Electrical Circuits - How does AC voltage/current propagate?

Question

Several years post grad, I've been studying from Halliday et al.'s "Physics Volume 2, 5ed." and various articles online including Network Analysis, particularly on Impedance (i.e. not a Homework question). I've come across the notion that AC voltage sources take the form:

$$V(t) := |V(t)|e^{j(\omega t+\phi_V)}.$$ If we assume one dimension of oscillation is along the wire that transmits the current, there is still a 2D disc cross-section that leaves a choice for the other oscillation direction. Am I missing something? How does AC voltage propagate?

If instead, we assumed it oscillated only in the cross-sectional directions, the electrons couldn't make it down the line to energize the other circuit elements? Any thoughts on this are appreciated

Answer 1

Why is the dimension of AC oscillation 2 and not 3?

An alternating current does not oscillate in 2 or 3 dimensions - it is an oscillation of voltage (or alternatively of current) which can be positive or negative but does not have a direction in 2 or 3 dimensional space. So AC only oscillates in one dimension.

However, it is useful to model an AC voltage mathematically as if it were the projection onto one axis of a point rotating around a circle in two-dimensional space. And a convenient way to represent this mathematically is to introduce a complex valued variable $e^{i \omega t}$ and then take the voltage to be proportional to the real valued component of this.

In the same way, a particle executing simple harmonic motion (such as a simple pendulum) only has one degree of freedom, so it is only oscillating in one dimension.

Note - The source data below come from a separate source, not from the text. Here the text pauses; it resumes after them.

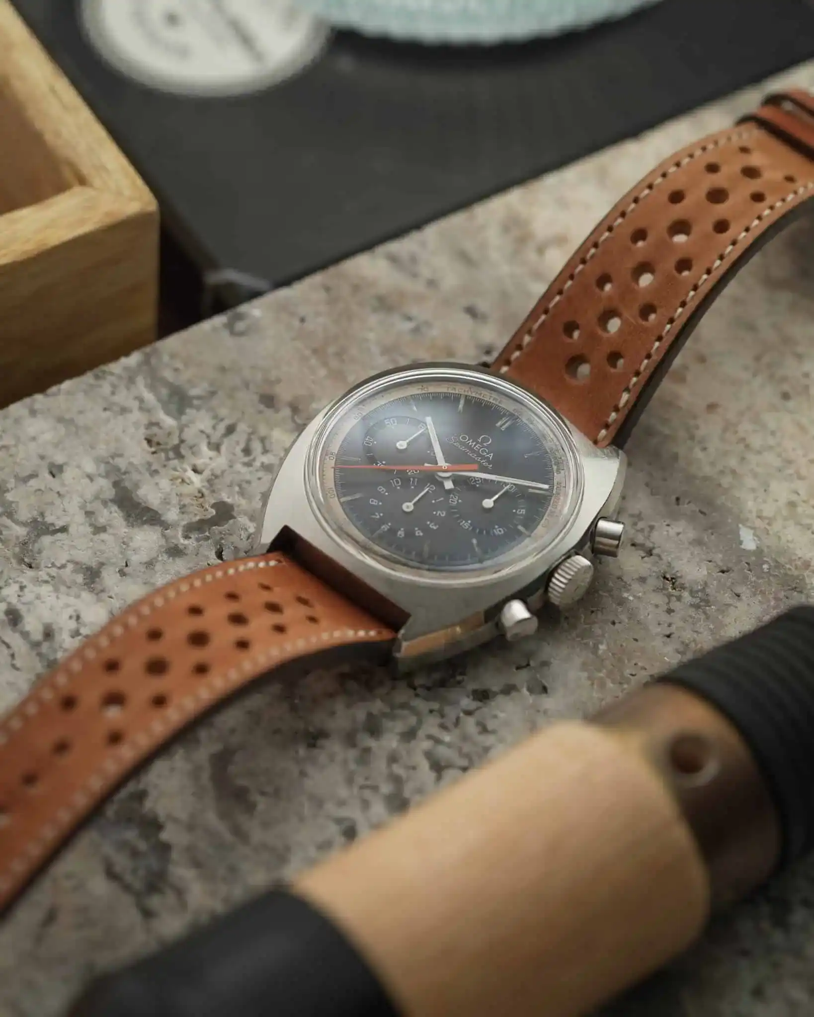 - That pop of orange on the chronograph hand—a little nod to the Speedy Ultraman.
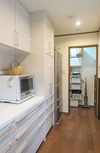 キッチンに充分な調理スペースとレンジ置き場を考慮したので、奥のパントリーまでの通路をゆったり確保。洗濯機を移動してできた奥のお部屋は、パントリー兼ちょっとした作業スペースに。
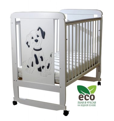 Кроватка "Соня 02" имеет механизм качания колесо-качалка. Колеса оснащены стопорами.
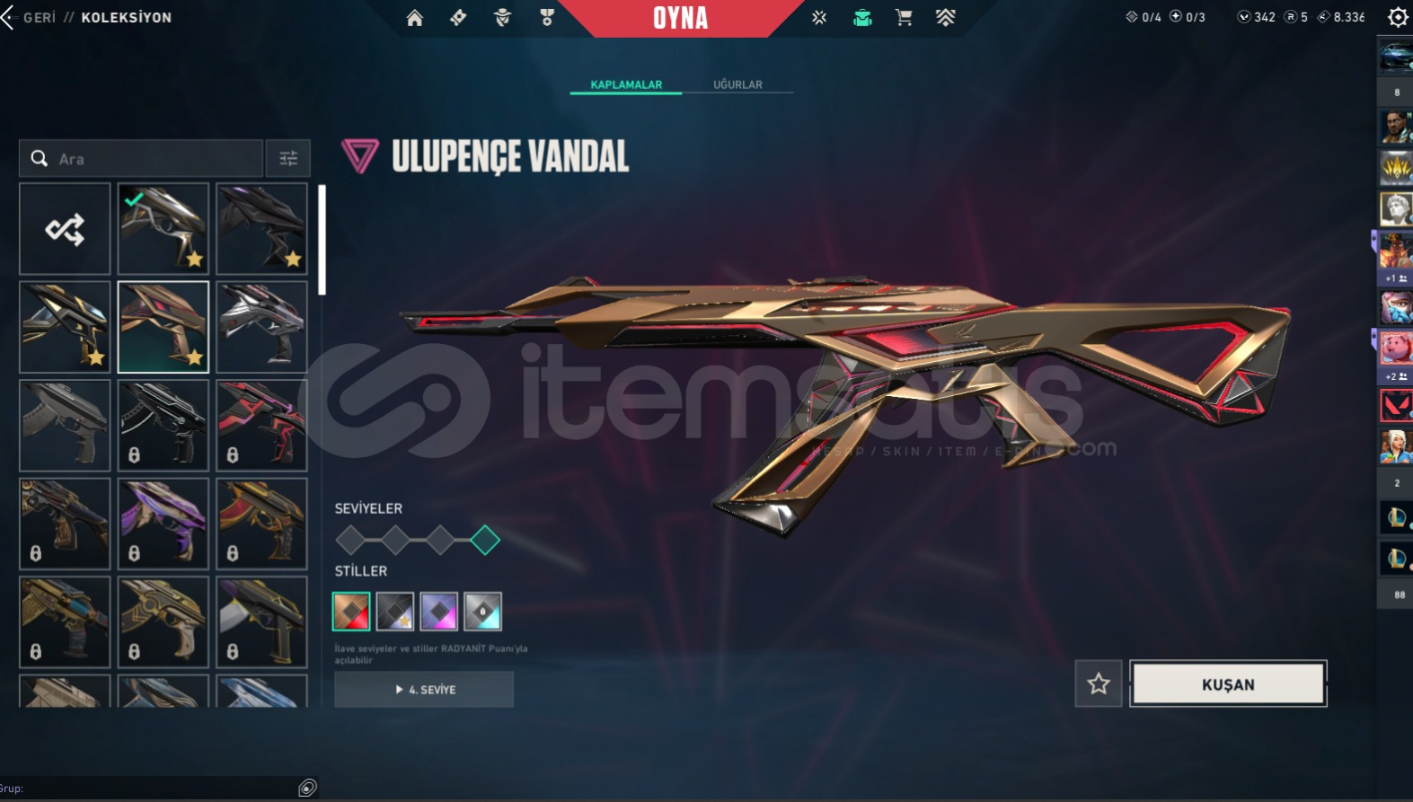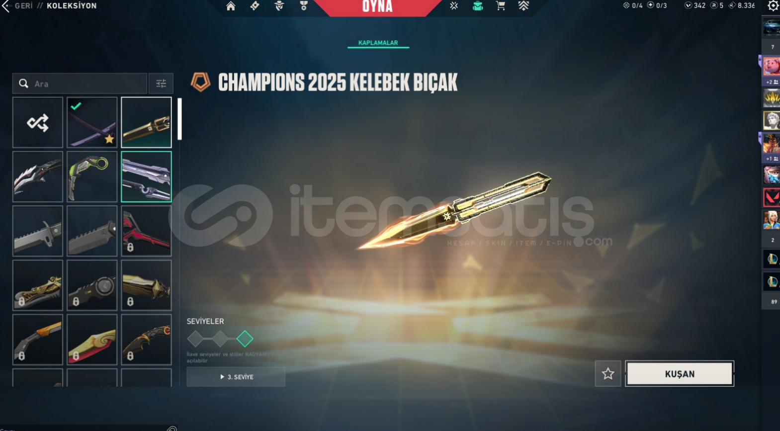 Plat 1 Hesap116 Seviye2 Battle PassYitik ClassicCesur Yürek GhostAnomali SheriffIşık Muhafızı VandalAnomali VandalChampions 25 VandalUlupençe VandalGaianın İntikamı PhantomÖzel Harekat PhantomYağmacı OperatörExo KatanaRgx KarambitChampions 25 KelebekUzaylı Avcısı BayonetPazarlık Payı az da olsa vardır.

But its displacement can be modelled mathematically as the real valued component of a complex valued variable which has two degrees of freedom. So we can represent the displacement $x(t)$ as the real valued part of $A e^{i \omega t}$ where $A$ is the pendulum's amplitude and $\frac {\omega}{2 \pi}$ is its frequency.

Answer 2

The " $A e ^ {i\omega t}$" formula is the equation for a helix; it has a real and imaginary extent, as well as propagating along a time axis. Imagine the projection of this kind of curve (picture a Slinky toy and observe its shadow on a wall); that's a sine wave.

The equation for a resistor current versus voltage is not time-dependent, but the equations for capacitors and inductors contain time derivative and time integrals, So, a network of those components requires a lot of math know-how to understand.

The use of the helix formulation is that the derivatives and integrals of AC sine wave components are in proportion to the imaginary parts of that helix (called also a gyrator). Those curves are contained in the helix's OTHER shadows, thus can be represented by simple linear equations. When one applies Kirchoff's rules for setting up equations, the stage is set for treating circuitry as if it were coupled linear equations, which has been well-studied: you make a matrix equation, and solve it (inverting a matrix, typically) in a mechanical fashion. Charles Proteus Steinmetz Theory and Calculation...taught this over a century ago, and half a century ago it was formulated into simulation software: SPICE, notably.

Adding in diodes, transistors, vacuum tubes, spark gaps: that requires baby-step equation solving in a slightly different way, because those components are only linear for small signals over short timescales: your SPICE program may have to readjust every microsecond of time to a new matrix , adjusting the coefficients of the matrix for each new operating point of each curve (because those elements treat AC in a nonlinear way, and are best approximated by different linear equations at different times). That's called transient analysis, and takes lots of SPICE time to do well.

Answer 3

It does not propagate. AC steady state circuits belongs to the quasi-static regime. The values in voltage and current in the various branch of the circuit do not propagate with a finite time. They change instantaneously in the entire circuit, without transmission or retardation effects.

Transmission lines show propagation. While still modeled by using lumped circuit elements (for each of which the respective quasi-static approximation - which uses incomplete Maxwell's equations - is still valid) they can show propagation in terms of the exchange of energy between adjacent lumped elements cells in a 'chain' that extends in the direction of the line.

A full-fledged EM description of the propagation would require all Maxwell's equations in their full form and it is usually too complex and numerically intensive to solve, so it is not the first choice to tackle this sort of problems. (And yet, if you were to have a light-second long, say one meter wide circuit with source and load facing each other in the middle, you'd better resort to the full EM simulation, because a transmission line model would miss the propagation in the transversal direction).